Петербургский театральный журнал
16+
ПЕРВАЯ ПОЛОСА

«НАСТОЯЩАЯ» ВЕЩЬ В СОВРЕМЕННОМ ТЕАТРЕ: МУЗЕЙ—БАРАХОЛКА— ВЕЩЕВОЙ РЫНОК

Мир советской коммуналки в спектакле Алвиса Херманиса «Долгая жизнь» и обстановка советской квартиры номенклатурной интеллигенции в его же «Соне» вплоть до обоев и паркета полностью воссозданы с помощью старых вещей, найденных в заброшенных квартирах Риги и Петербурга. Причудливо-наивные образы реальности, слой за слоем создаваемые и тут же стираемые в спектаклях Лаборатории Дмитрия Крымова, собираются и разбираются с помощью вещей и предметов, найденных на бабушкиных антресолях и на развалах блошиных рынков. Спектакли Николая Коляды набиты под завязку пестрым барахлом китайского производства с Кировского рынка Екатеринбурга и старьем с вещевого рынка «Уралмаш». Это режиссеры, описывая спектакли которых невозможно говорить о декорациях, костюмах, реквизите, но хочется думать и рассуждать о месте и роли вещи.

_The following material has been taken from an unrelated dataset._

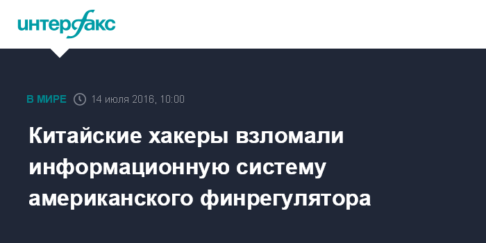 Китайские хакеры взломали информационную систему американского финрегулятора

Мы привыкли к тому, что театр — искусство вещное. Как и к тому, что из современного театра вещь в ее миметической и живописной функции, как часть декорационной инфраструктуры и «знак реальности»*, стремительно уходит — уступая место театральным механизмам и аттракционам, абстрактным или символическим предметам. Тем значимее оказывается актуализация той функции вещи, которая, собственно, и выделяет ее из предметного мира в целом, — речь идет о функции указания на принадлежность, причастность — эпохе, человеку, истории вообще**, когда вещь осмысляется как имя притяжательное.

* См.: Барт Р. Эффект реальности // Барт Р. Избранные работы: Семиотика. Поэтика. М., 1994. С. 392–400.

** См.: Топоров В. Н. Вещь в антропоцентрической перспективе (апология Плюшкина) // Топоров В. Н. Миф. Ритуал. Символ. Образ: Исследования в области мифопоэтического: Избранное М., 1995. С. 7–111.

Особый и крайний случай такого рода — построение спектакля через прием использования «настоящих», как правило «старых» вещей. Это вещи, которые попали в спектакль из нетеатральной, внехудожественной реальности. В этом и состоит их подлинность. Это вещь из мира зрителя и из того мира, откуда актер приходит в театр и куда он уходит после спектакля. Из того мира, в котором важую роль играет наше чувство повседневности в его ностальгической составляющей: мы вглядываемся, вслушиваемся, внюхиваемся в окружающую реальность, пробуем ее на вкус, фактуру и цвет — чтобы не потерять и не забыть. Такая вещь не является знаком реальности, она сама реальность и есть. В знаменитой «Системе вещей» Жан Бодрийяр указывает на специфическую функцию старой вещи: она обозначает время. "Это то, что имеет место в настоящем в качестве сбывшегося прежде и что в силу этого глубоко укоренено в себе самом, то есть "подлинно«"*.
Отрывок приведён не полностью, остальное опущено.